Posted May 30th, 2017 by CLMrf and filed in View From the Pew

By Robert Fontana

chicken littleThis is Pentecost week.  Naturally the story of Chicken Little comes to mind:

There was once a great knight riding upon a mighty horse when he came upon Chicken Little running around the countryside shouting, “The sky is falling, the sky is falling.”   Suddenly, Chicken Little threw himself to the ground, lay on his back, and thrust his legs and wings towards the sky. 

The great knight leaped from his mighty horse and said to Chicken Little, “Why art thou thus lying in the dust?” Chicken Little calmly responded, “The sky is falling.”  The great knight laughed out loud with incredulity and dismay, then said, “And you, little bird, think that you can hold up the sky?” Chicken Little responded, “I does what I can do.”

Francis of Assisi once said, “I have done what is mine to do, now you must do what is yours to do.”

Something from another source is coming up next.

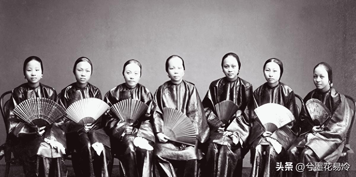 1880-1890年,七名女子在照相馆内合影。这里又要告诉大家一个知识点,清朝汉族女子缠足之风很盛,但是东南沿海的客家女子是不缠足的,照片中这些人都是天足。她们穿着从明朝流传下来的高底鞋(登云履),站起来很能突显高挑的身材。

Fr. Thomas Judge, the founder of the Missionary Cenacle Family (1909) counseled his associates similarly.  I do not have the direct quote but it was something like: “Do what you can do.  Do not worry about what you cannot do, but do what you can do!”

There is so much to be done.  It is mind-boggling.  There are so many pressing needs; truly, it seems the “the sky is falling.”  And what I am actually able to do is so small, surely what the great knight said to Chicken Little applies to all of my efforts, “And how can such a little bird hold up the sky?”

fr judgeFr. Thomas Judge, a Vincentian priest, felt like the sky was falling as he, an Irish-American from Boston, tried to minister to the throngs of immigrants filling the slums of the great urban centers of 20th century America.  He had an epiphany when he realized that he was taking way too much responsibility for work that was not his to do.  It belonged to the average Catholic (and Christian) in the pew who was a neighbor to these immigrants, who met them at the grocery store, the warehouse, the butcher shop, and sometimes at the parish church.

He realized if each person would simply take responsibility for being a power for good within the relationships and commitments of his or her own life, something he called the “providence of everyday life,” then much good could be done to alleviate suffering, strengthen community, and provide care for the least among us, especially poor children and the elderly.

12694841 - shining dove against golden raysJudge recognized that the needs of families in general, and of the poor in the slums and barrios specifically, were so great, that it was impossible to create a social program to address them all.  However, if Catholics and other Christians were guided by the Holy Spirit, then the Spirit would direct them to the work that needed to be done within the “providence” of their everyday lives.How do we gain the interior freedom from our own shortsightedness and sins to even be able to act in the service of others?  And where do we get that capacity for discernment to determine what we are to do in this situation and that one, where we are to direct our energies, and what we are to leave for others to do?  Our guidance comes from the “breath of God,” the indwelling Spirit that draws us into the heart of God, the Spirit written about in John’s Gospel.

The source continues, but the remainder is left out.